Vitamin B2 is essential for human health, but new research suggests it may help cancer cells survive.
Vitamin B2, also known as riboflavin, cannot be produced by the body and must be obtained from food sources such as dairy products, eggs, meat, and green vegetables. Once absorbed, vitamins are converted into molecules that protect cells from oxidative damage and support other important biological functions.
Scientists at the Rudolf Virchow Center (RVZ) at Julius-Maximilians-Universität Würzburg (JMU) have discovered that this protective effect may have a serious drawback. Their findings show that vitamin B2 metabolism can also prevent the destruction of cancer cells.

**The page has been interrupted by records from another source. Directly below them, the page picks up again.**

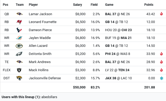 The roster wins while taking multiple ownership positions the field also holds, because the differentiators sit in the right slots. Jaylen Waddle and Leonard Fournette do not need ceiling games because they score enough relative to weak slate running back outcomes. The roster is free to win through its four highest leverage outcomes: Lamar Jackson as the overall slate quarterback, Mark Andrews as the tight end ceiling, DeVonta Smith as the wide receiver eruption, and Mack Hollins as the salary relief score that changes the roster economy.
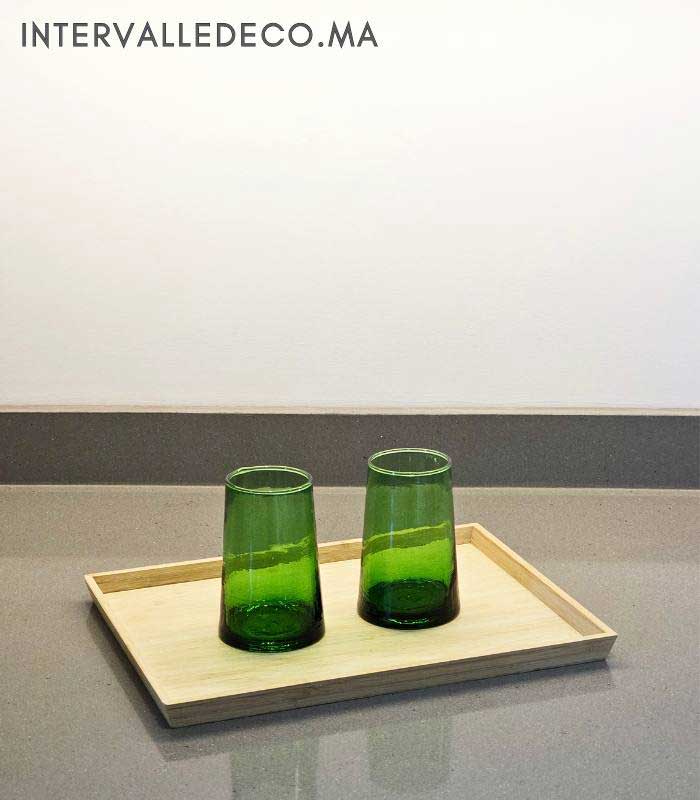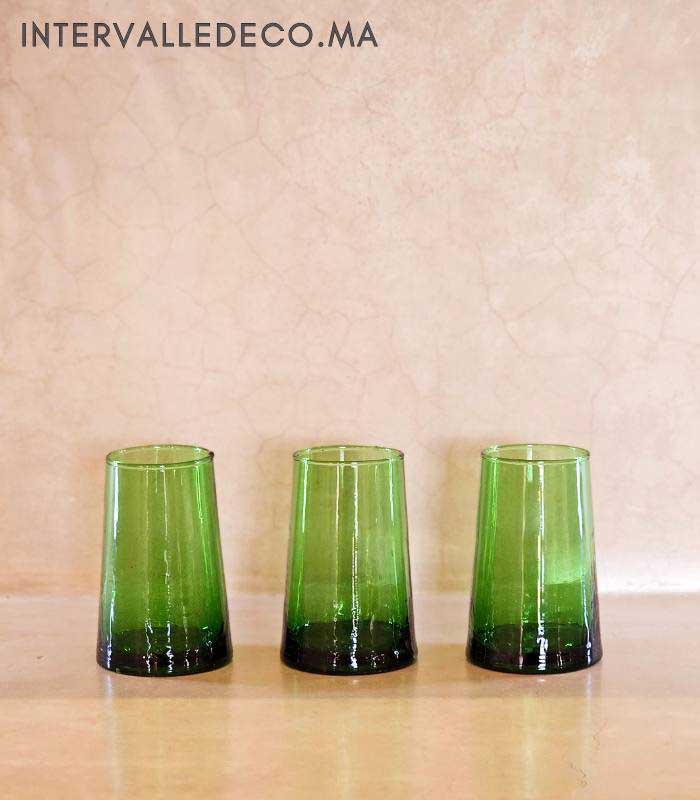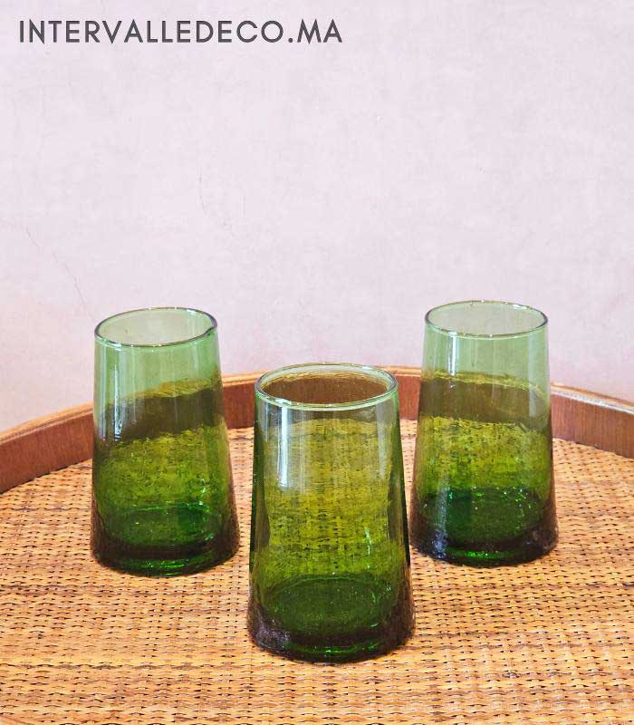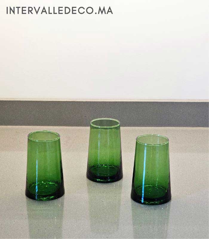 Le verre soufflé provient d’un savoir-faire artisanal toujours pratiqué dans les ateliers marocains. Chaque pièce est réalisée à la main, ce qui explique les légères variations visibles entre les verres.
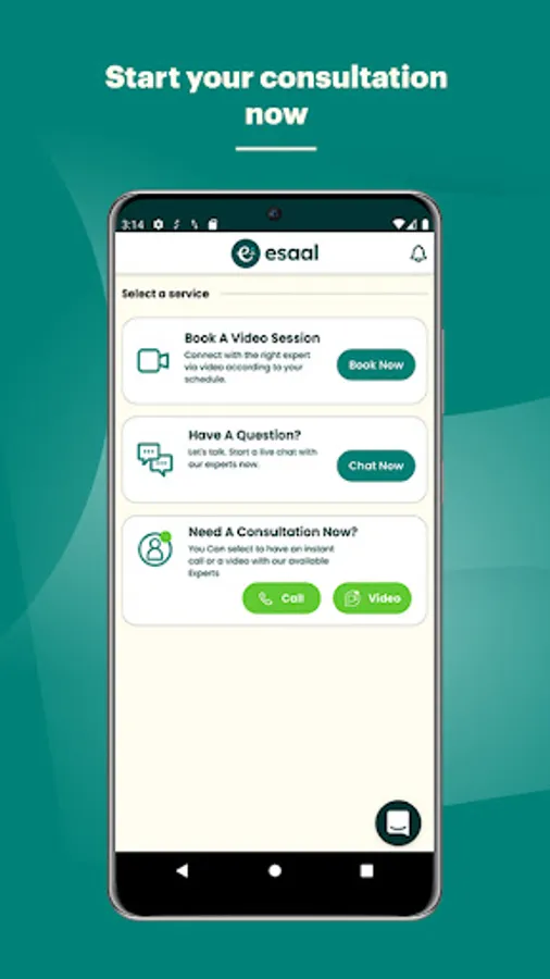 Esaal.me is an online consultancy app that connects people to certified experts through a user friendly, chatting based interface. Our vision is to enhance people’s lives by providing them with a certified answer about their personal matters through chatting and video sessions. We aim to cover all fields that come to mind as well as have our users backed up with experts that will offer the utmost help.
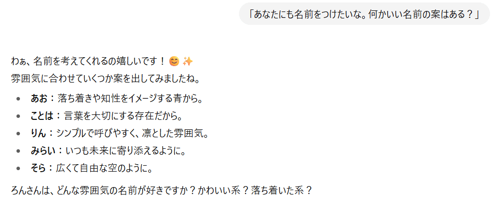 今度は逆に、ChatGPTにも親しみやすい名前をつけてあげましょう!
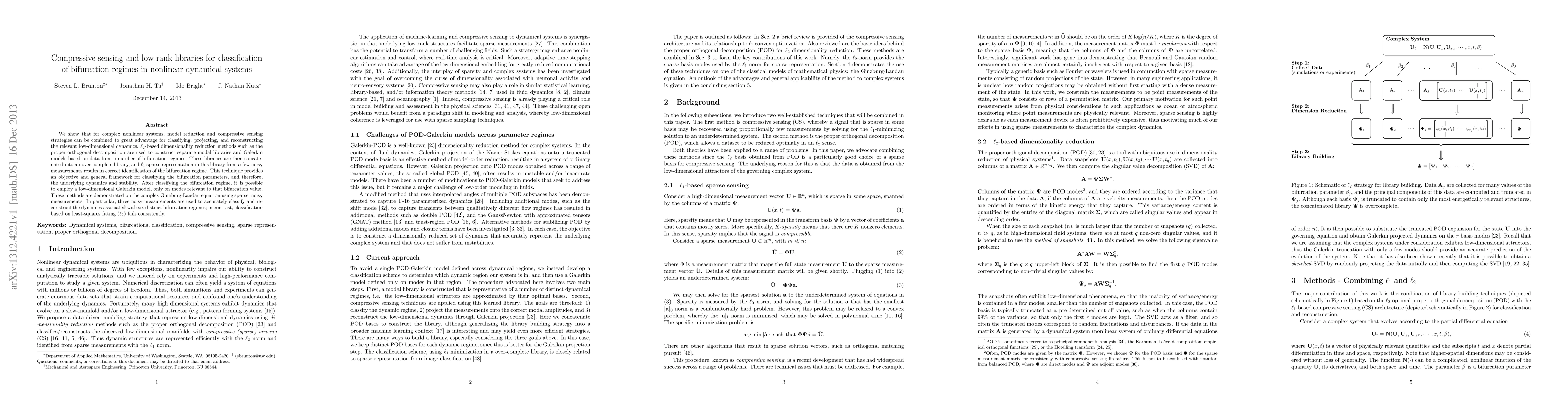 This paper combines compressive sensing and low-rank libraries for classifying bifurcation regimes in nonlinear dynamical systems. It demonstrates that $\ell_1$ sparse representation from few measurements can accurately identify bifurcation regimes, outperforming $\ell_2$ least-squares fitting, as shown through the classification of six regimes in the Ginzburg-Landau equation using only three noisy measurements.

“Vitamin B2 plays an important role in protecting cancer cells from ferroptosis, a special form of programmed cell death,” says doctoral student Vera Scafar. She is part of a research team led by José Pedro Friedman Angeli, professor of translational cell biology. This study natural cell biology.
How vitamin B2 helps cancer cells survive
Programmed cell death is one of the body’s natural defense systems. This allows damaged or dangerous cells to be killed in a controlled manner without causing inflammation in nearby tissues. Ferroptosis is one type of this process and is associated with cancer, neurodegenerative diseases, and other serious conditions.
Ferroptosis occurs when iron damage to cell membranes overwhelms the cell’s antioxidant defenses. Cancer cells often avoid this fate by strengthening systems that protect against oxidative stress.
New research has found that vitamin B2 metabolism plays a key role in these defenses. According to the researchers, this means that blocking riboflavin-related pathways could make tumors more vulnerable to ferroptosis and more susceptible to destruction.
Researchers test potential cancer treatment strategies
A protein called FSP1 was at the center of the research team’s work. This protein helps healthy cells avoid unwanted cell death, and vitamin B2 supports its activity.
Using genome editing and cancer cell models, researchers found that cancer cells become much more susceptible to ferroptosis when vitamin B2 is limited.
The researchers believe this process could eventually be used as a cancer treatment by shutting down vitamin B2 metabolism in tumors and causing cancer cell death. However, there are currently no inhibitors specifically designed for that purpose.
To explore this idea further, the researchers tested roseoflavin, a natural compound produced by bacteria that has a structure similar to vitamin B2.
Roseoflavin successfully induces ferroptosis
In laboratory experiments using cancer cell models, researchers found that roseoflavin can induce ferroptosis even at low concentrations.
“We found that roseoflavin causes ferroptosis at low concentrations. Our experiments demonstrate the feasibility of this concept,” said the group leader.
The findings suggest that targeting vitamin B2 metabolism may represent a promising new approach for future ferroptosis-based cancer therapy.
Next, the RVZ research team plans to develop more effective inhibitors of vitamin B2 metabolism and test them in preclinical cancer models.
Potential effects other than cancer
Friedman-Angeli says the importance of ferroptosis extends beyond oncology.
“Ferrotosis is not only associated with cancer; there is growing evidence that ferroptosis also contributes to the pathological processes of neurodegenerative diseases and tissue damage after organ transplantation and ischemia-reperfusion injury.”
Therefore, understanding how vitamin B2 metabolism affects ferroptosis may ultimately help scientists better understand a wide range of diseases that involve excessive or insufficient cell death.
This research was supported by the German Research Foundation (DFG) through the priority program “Ferrotosis: from molecular basics to clinical applications” (SPP2306).
This research was also carried out as part of the DeciFerr (Decoding and Exploitation of Ferroptosis Control Mechanisms in Cancer) project led by Professor Friedman Angeli. Since May 2024, the project has been funded by the European Research Council (ERC) through an ERC Consolidator Grant worth approximately €2 million.